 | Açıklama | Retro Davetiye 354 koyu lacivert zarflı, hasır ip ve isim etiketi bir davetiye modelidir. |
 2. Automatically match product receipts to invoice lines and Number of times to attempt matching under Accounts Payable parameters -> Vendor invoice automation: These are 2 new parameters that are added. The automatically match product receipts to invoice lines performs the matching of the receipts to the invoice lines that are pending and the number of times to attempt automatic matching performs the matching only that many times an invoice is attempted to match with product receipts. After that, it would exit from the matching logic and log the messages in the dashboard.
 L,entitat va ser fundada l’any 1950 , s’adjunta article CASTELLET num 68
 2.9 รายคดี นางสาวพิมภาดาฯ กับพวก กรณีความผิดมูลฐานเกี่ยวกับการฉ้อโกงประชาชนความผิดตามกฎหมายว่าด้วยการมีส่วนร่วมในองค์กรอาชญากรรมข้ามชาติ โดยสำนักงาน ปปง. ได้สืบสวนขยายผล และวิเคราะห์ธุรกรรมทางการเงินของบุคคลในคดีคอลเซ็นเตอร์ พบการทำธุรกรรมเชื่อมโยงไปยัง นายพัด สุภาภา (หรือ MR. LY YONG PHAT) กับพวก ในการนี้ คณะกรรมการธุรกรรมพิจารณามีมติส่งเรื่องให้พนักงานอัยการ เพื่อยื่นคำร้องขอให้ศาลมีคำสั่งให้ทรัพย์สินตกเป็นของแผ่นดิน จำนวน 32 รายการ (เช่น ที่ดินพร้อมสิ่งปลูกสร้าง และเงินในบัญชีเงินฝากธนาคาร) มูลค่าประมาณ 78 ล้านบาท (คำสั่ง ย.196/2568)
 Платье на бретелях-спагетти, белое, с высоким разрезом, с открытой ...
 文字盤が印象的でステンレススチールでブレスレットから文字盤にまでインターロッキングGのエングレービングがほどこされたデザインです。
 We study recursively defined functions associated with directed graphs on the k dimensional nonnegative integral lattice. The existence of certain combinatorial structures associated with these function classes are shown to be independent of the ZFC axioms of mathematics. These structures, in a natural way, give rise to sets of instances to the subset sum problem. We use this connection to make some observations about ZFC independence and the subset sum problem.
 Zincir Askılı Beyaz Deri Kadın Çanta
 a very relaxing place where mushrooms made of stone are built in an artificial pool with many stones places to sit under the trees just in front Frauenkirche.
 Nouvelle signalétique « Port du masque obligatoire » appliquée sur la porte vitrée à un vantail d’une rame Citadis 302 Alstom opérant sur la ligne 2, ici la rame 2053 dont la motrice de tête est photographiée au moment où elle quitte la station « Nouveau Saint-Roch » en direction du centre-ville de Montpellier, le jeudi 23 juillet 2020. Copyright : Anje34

.....

◆ PROBLEM ◆
An exact repetition of all the records above is required.

◆ WRITTEN RESPONSE ◆
 | Açıklama | Retro Davetiye 354 koyu lacivert zarflı, hasır ip ve isim etiketi bir davetiye modelidir. |
 2. Automatically match product receipts to invoice lines and Number of times to attempt matching under Accounts Payable parameters -> Vendor invoice automation: These are 2 new parameters that are added. The automatically match product receipts to invoice lines performs the matching of the receipts to the invoice lines that are pending and the number of times to attempt automatic matching performs the matching only that many times an invoice is attempted to match with product receipts. After that, it would exit from the matching logic and log the messages in the dashboard.
 L,entitat va ser fundada l’any 1950 , s’adjunta article CASTELLET num 68
 2.9 รายคดี นางสาวพิมภาดาฯ กับพวก กรณีความผิดมูลฐานเกี่ยวกับการฉ้อโกงประชาชนความผิดตามกฎหมายว่าด้วยการมีส่วนร่วมในองค์กรอาชญากรรมข้ามชาติ โดยสำนักงาน ปปง. ได้สืบสวนขยายผล และวิเคราะห์ธุรกรรมทางการเงินของบุคคลในคดีคอลเซ็นเตอร์ พบการทำธุรกรรมเชื่อมโยงไปยัง นายพัด สุภาภา (หรือ MR. LY YONG PHAT) กับพวก ในการนี้ คณะกรรมการธุรกรรมพิจารณามีมติส่งเรื่องให้พนักงานอัยการ เพื่อยื่นคำร้องขอให้ศาลมีคำสั่งให้ทรัพย์สินตกเป็นของแผ่นดิน จำนวน 32 รายการ (เช่น ที่ดินพร้อมสิ่งปลูกสร้าง และเงินในบัญชีเงินฝากธนาคาร) มูลค่าประมาณ 78 ล้านบาท (คำสั่ง ย.196/2568)
 Платье на бретелях-спагетти, белое, с высоким разрезом, с открытой ...
 文字盤が印象的でステンレススチールでブレスレットから文字盤にまでインターロッキングGのエングレービングがほどこされたデザインです。
 We study recursively defined functions associated with directed graphs on the k dimensional nonnegative integral lattice. The existence of certain combinatorial structures associated with these function classes are shown to be independent of the ZFC axioms of mathematics. These structures, in a natural way, give rise to sets of instances to the subset sum problem. We use this connection to make some observations about ZFC independence and the subset sum problem.
 Zincir Askılı Beyaz Deri Kadın Çanta
 a very relaxing place where mushrooms made of stone are built in an artificial pool with many stones places to sit under the trees just in front Frauenkirche.
 Nouvelle signalétique « Port du masque obligatoire » appliquée sur la porte vitrée à un vantail d’une rame Citadis 302 Alstom opérant sur la ligne 2, ici la rame 2053 dont la motrice de tête est photographiée au moment où elle quitte la station « Nouveau Saint-Roch » en direction du centre-ville de Montpellier, le jeudi 23 juillet 2020. Copyright : Anje34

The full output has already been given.